Ok, to begin with your last statement, I can't see the difficulty there. Yes, since $i = j$, then $S_i = S_j$. Therefore, $S_j(1 − S_i) = S_i − S_i^2 = S_j − S_j^2$.
If you are asking on why keeping the different $i$ and $j$ indices for the first case, when it'd be more clear to have just one, e.g. $S_i(1 − S_i)$, well... authors.
As to why we have these expressions, recall the definition of softmax:
$$S_i(\mathbf z) = \frac{e^{z_i}}{\sum_k{e^{z_k}}}$$
By taking the derivative with respect to the $j$-th entry of vector $\mathbf z$, we get:
$$\partial_jS_i(\mathbf z) = \frac{\sum_k{e^{z_k}}\times\partial_je^{z_i} - e^{z_i}\times\partial_j\sum_k{e^{z_k}}}{(\sum_k{e^{z_k}})^2}$$
Now, we have two cases.
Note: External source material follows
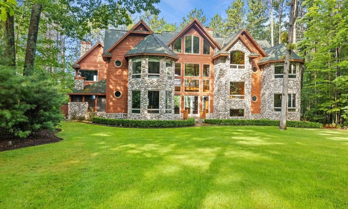 Escape to northern Michigan to stay in this one of a kind, luxurious lake home on Mullett Lake.
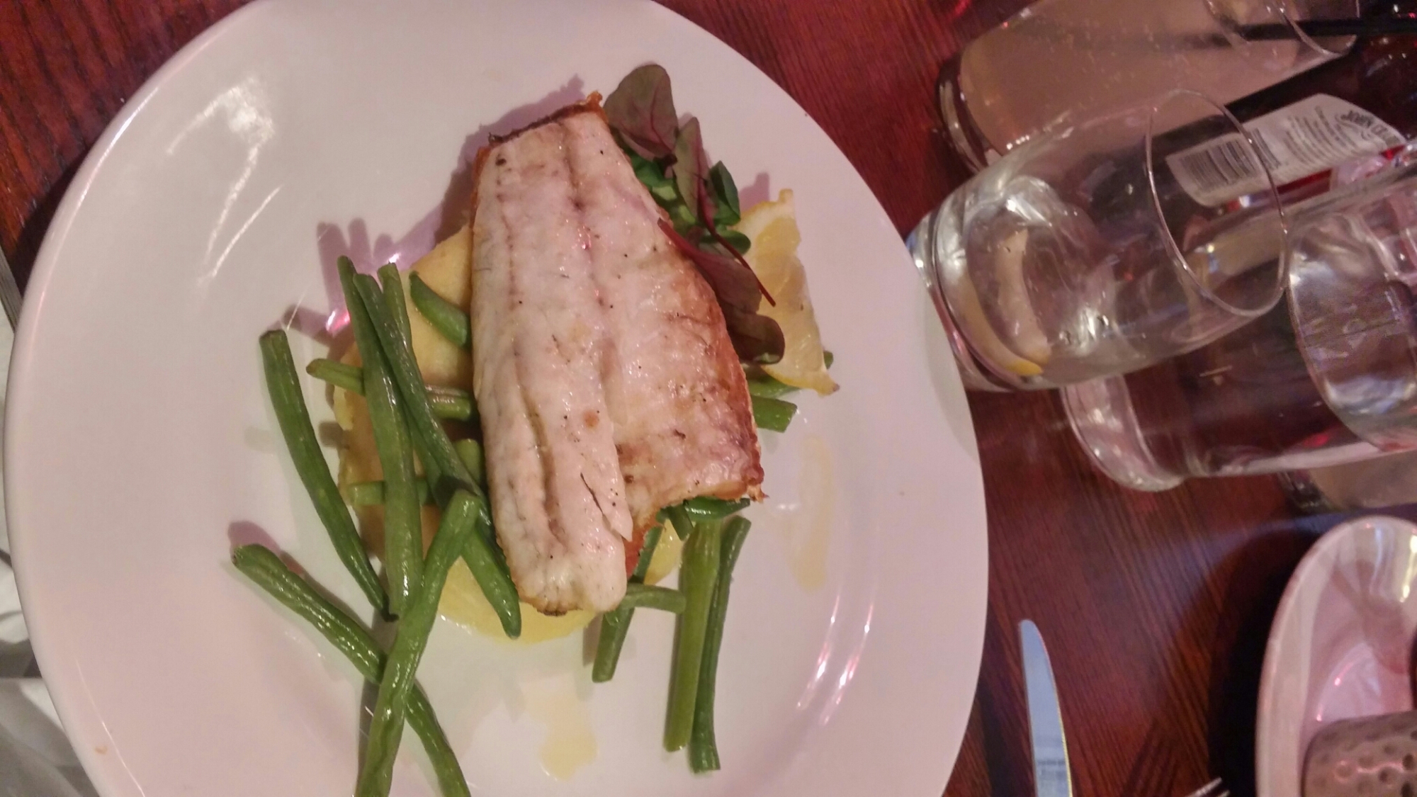 The sea bass was a little on the small size and came with some strangely gloopy mashed potato (and some ok French beans). The bass was, however, said by the person who had it to have a good flavour and a nice crispy skin. All in all a well cooked bit of fish they thought.

First, $i \neq j$:
$$\partial_jS_i(\mathbf z) = \frac{\sum_k{e^{z_k}}\times0 - e^{z_i}\times e^{z_j}}{(\sum_k{e^{z_k}})^2} = - \left(\frac{e^{z_i}}{\sum_k{e^{z_k}}}\right) \left(\frac{e^{z_j}}{\sum_k{e^{z_k}}}\right)$$
Which is equal to $-S_iS_j$.
For $i = j$, we get:
$$\partial_iS_i(\mathbf z) = \frac{\sum_k{e^{z_k}}\times e^{z_i} - e^{z_i}\times e^{z_i}}{(\sum_k{e^{z_k}})^2} = \left(\frac{e^{z_i}}{\sum_k{e^{z_k}}}\right) \left( \frac{\sum_k{e^{z_k}} - e^{z_i}}{\sum_k{e^{z_k}}} \right)$$
Which, after dividing and replacing, becomes $S_i(1 − S_i)$.